> **INFORMATION SUPPLIED**
════════════════
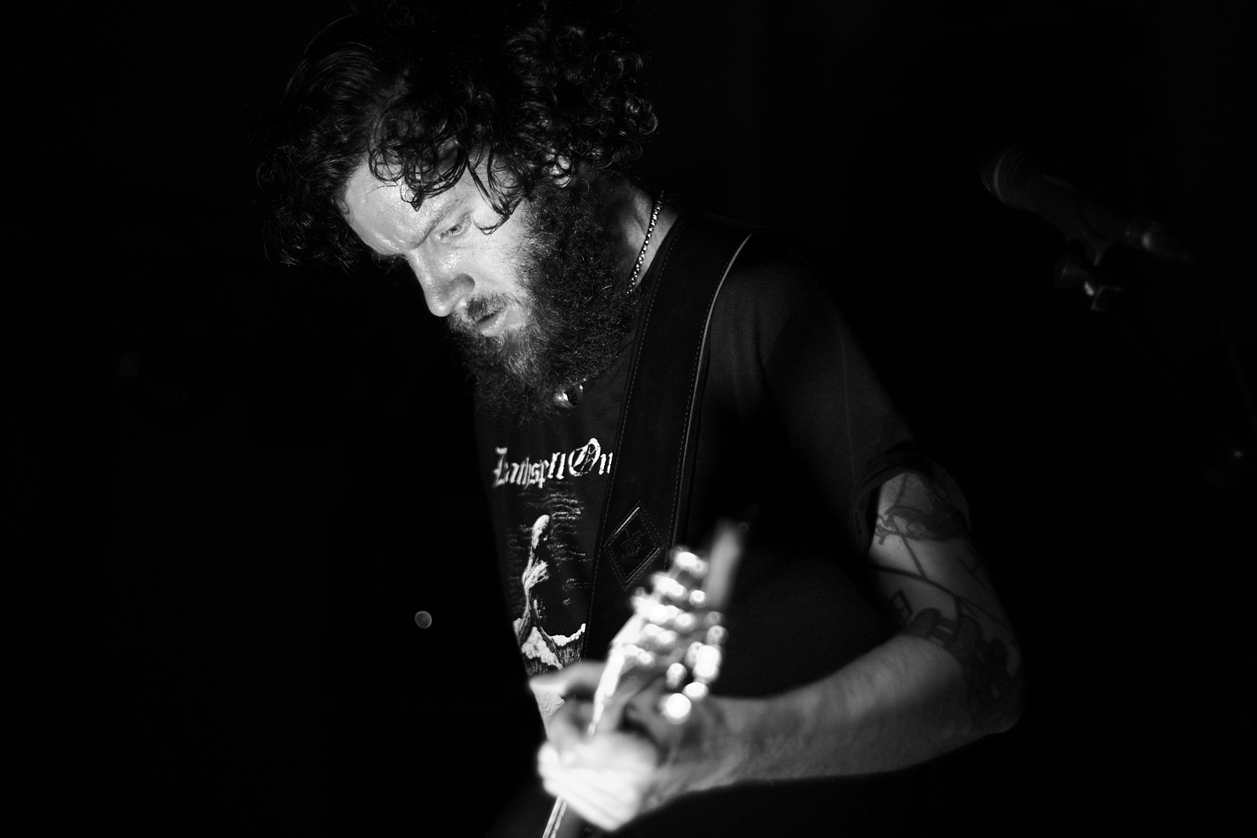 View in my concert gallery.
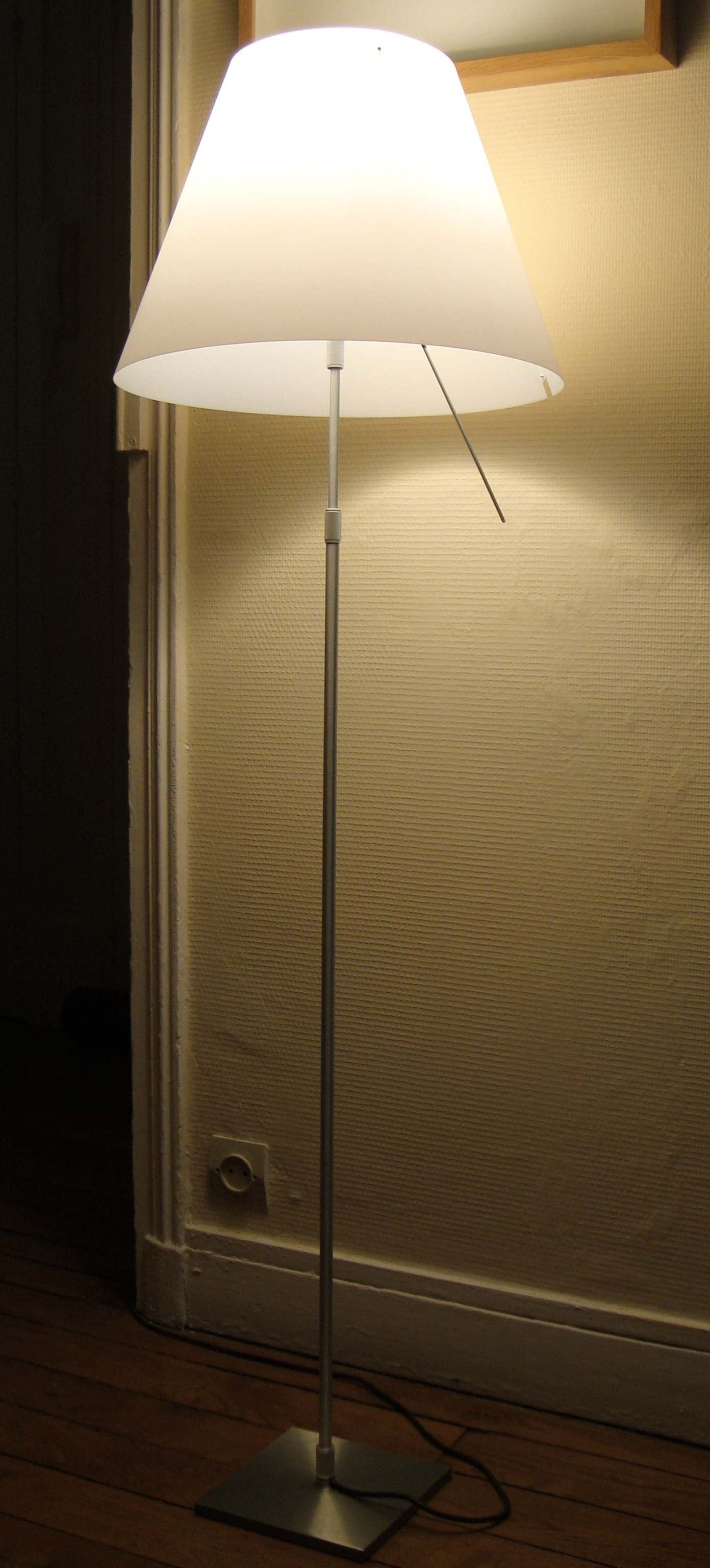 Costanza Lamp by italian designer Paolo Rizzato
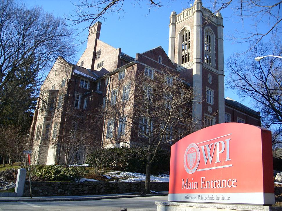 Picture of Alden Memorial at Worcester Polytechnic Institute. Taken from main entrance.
════════════════
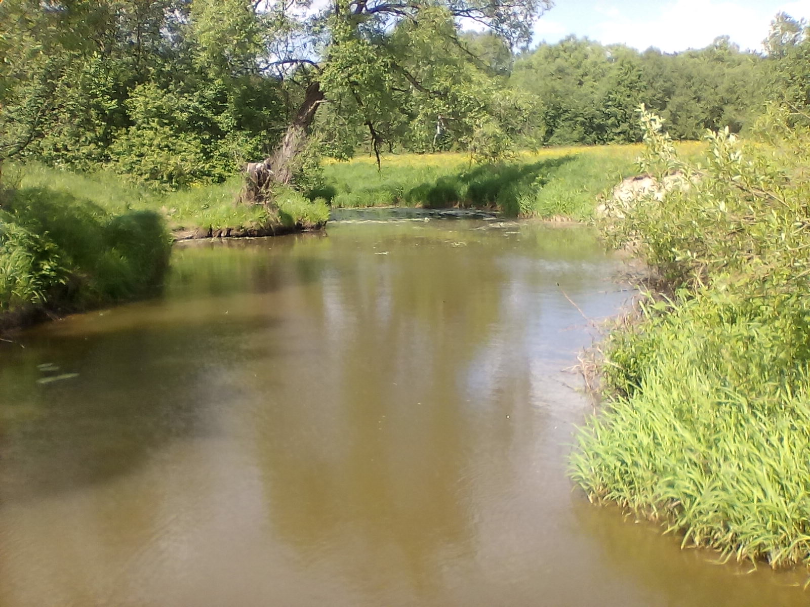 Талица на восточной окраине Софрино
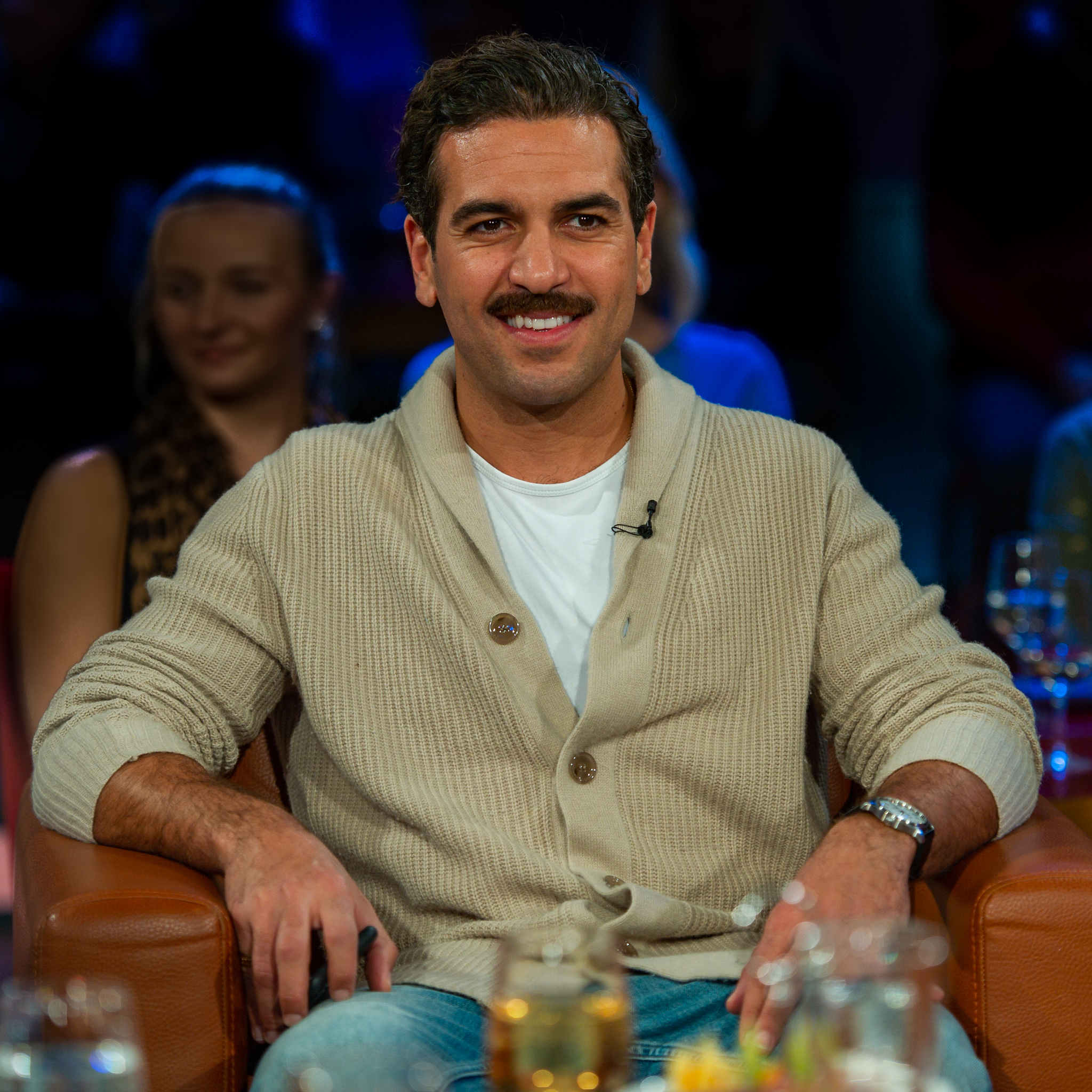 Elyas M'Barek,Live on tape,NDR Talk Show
════════════════
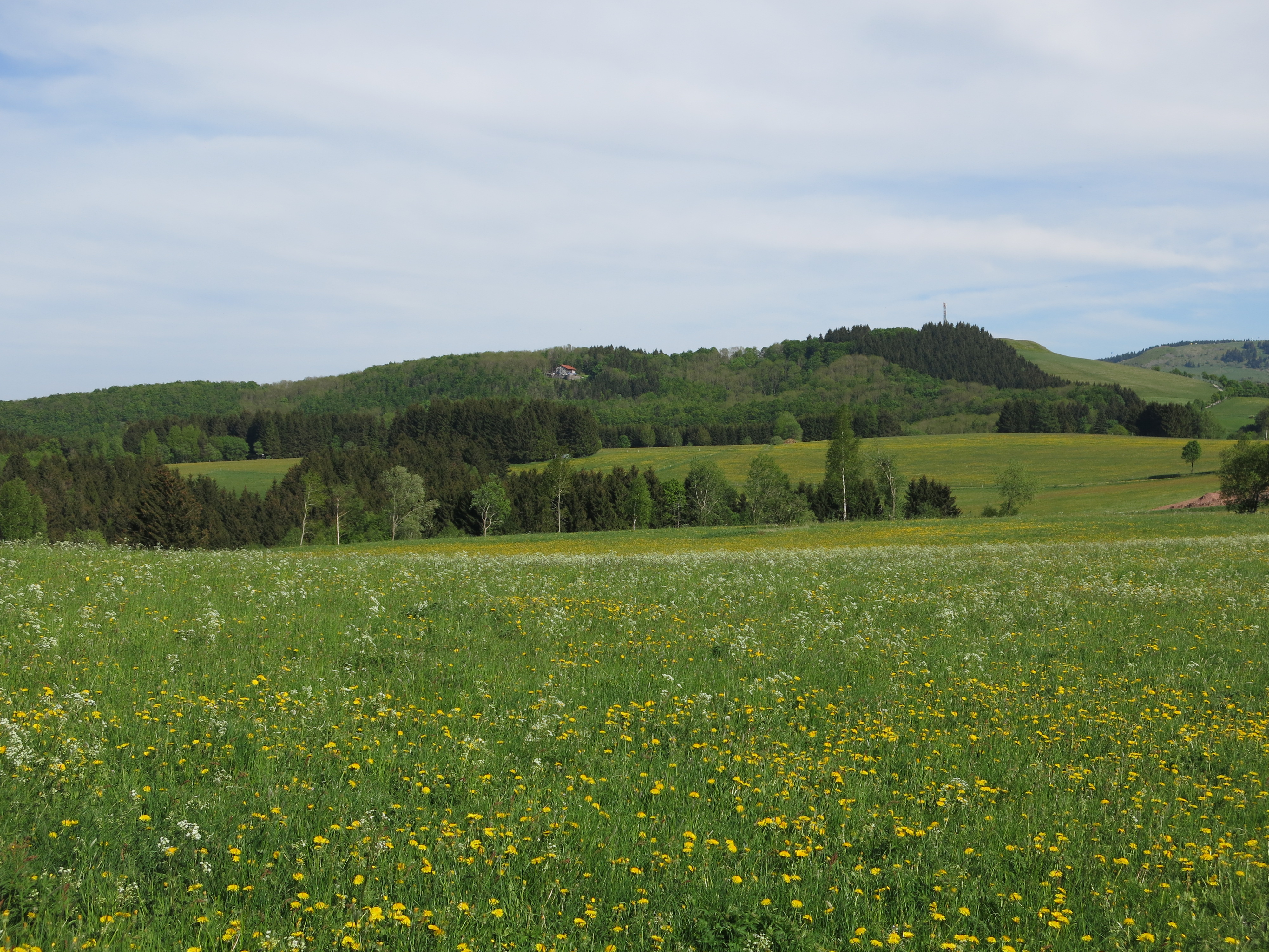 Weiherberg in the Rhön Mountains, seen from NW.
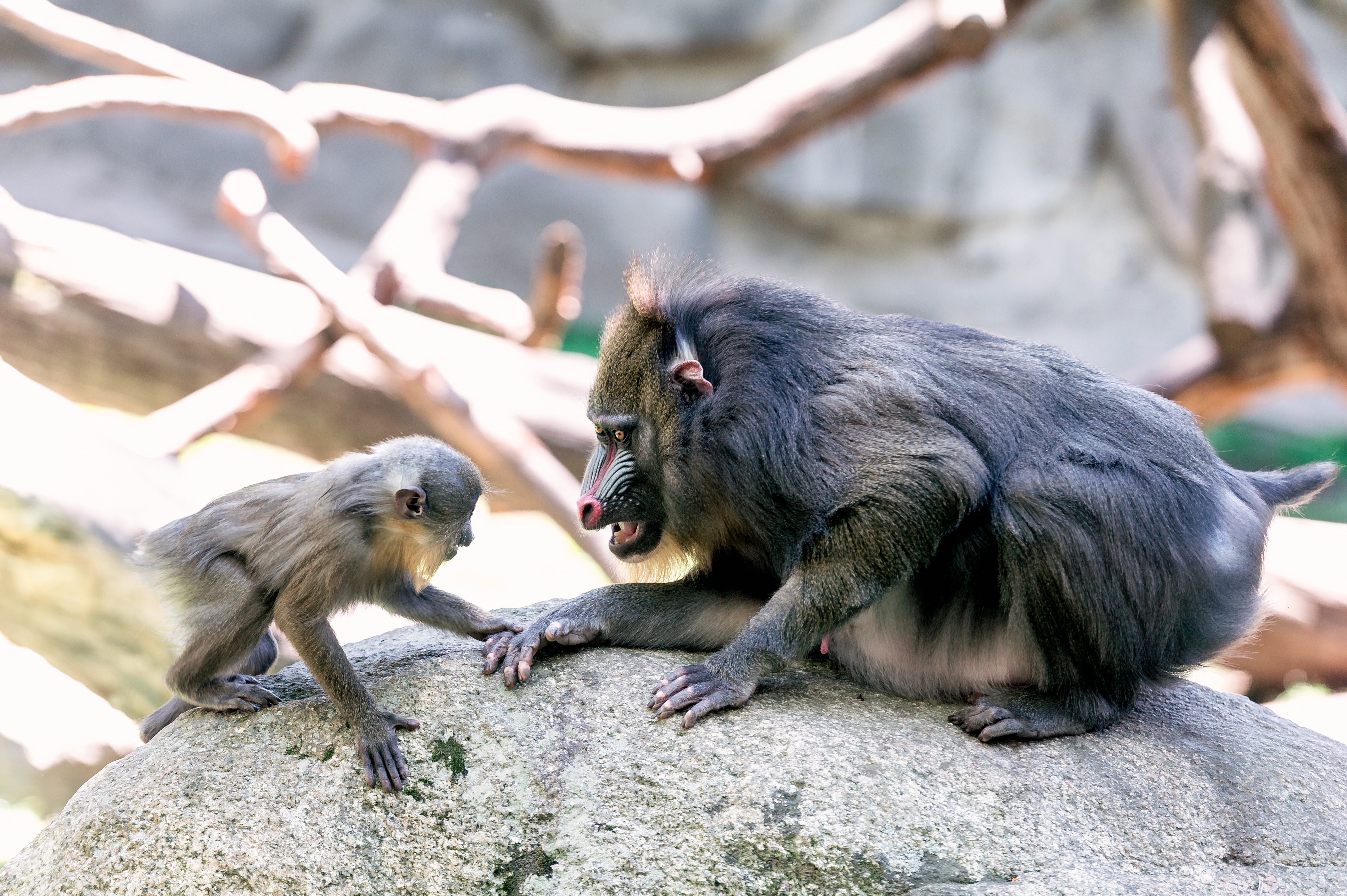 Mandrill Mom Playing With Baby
════════════════
> **DESCRIPTION OF THE TASK**
All that should appear in the answer is the lines above from the line with "Weiherberg in the" through the line with "Mandrill Mom Playing With Baby", retyped exactly, pictures left out.

> **TASK RESULT**
 Weiherberg in the Rhön Mountains, seen from NW.
 Mandrill Mom Playing With Baby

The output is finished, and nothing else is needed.